Visual control for trajectory tracking of Quadrotors and real-time analysis on an emulated environment

Quadrotor are non-inertial systems with inherent nonlinear, very fast and very unstable dynamics where measurements of their state variables in an absolute frame of reference are very complex in GPS denied environments, such as indoors. In order to design control strategies for Quadrotors, we solve problems of imprecisely known models and noisily, or unavailable, position and speed measurements, and requirements of a safety test-bench for the first stages of design. In this paper, we face the problem of control of a Quadrotor using visual information and of a safe virtual Real-Time test of the controlled system.
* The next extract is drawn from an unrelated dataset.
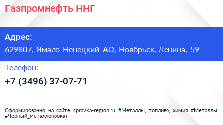 Газпромнефть-ННГ по адресу 629807, Ямало-Ненецкий АО, Ноябрьск, Ленина, 59 в дальнейшем Организация, размещена в следующих категориях:

The contribution is twofold; first we present a model-free control law for tracking non-inertial robots, using as a case of study a Quadrotor, and we propose a Real-Time analysis of the dynamical behavior of the closed-loop system based on experimental data obtained using an emulation-based implementation architecture where the environment is a numerical emulation of the real one. The control of attitude and position are designed based on a Second Order Sliding Mode and PD like approaches, respectively, and the feedback state is obtained visually using an easy to program and portable Particle Filter for positions and a Second Order Differentiator for time derivatives. We describe the numerical simulation test bench and include some results obtained in Real- Time on an emulated environment.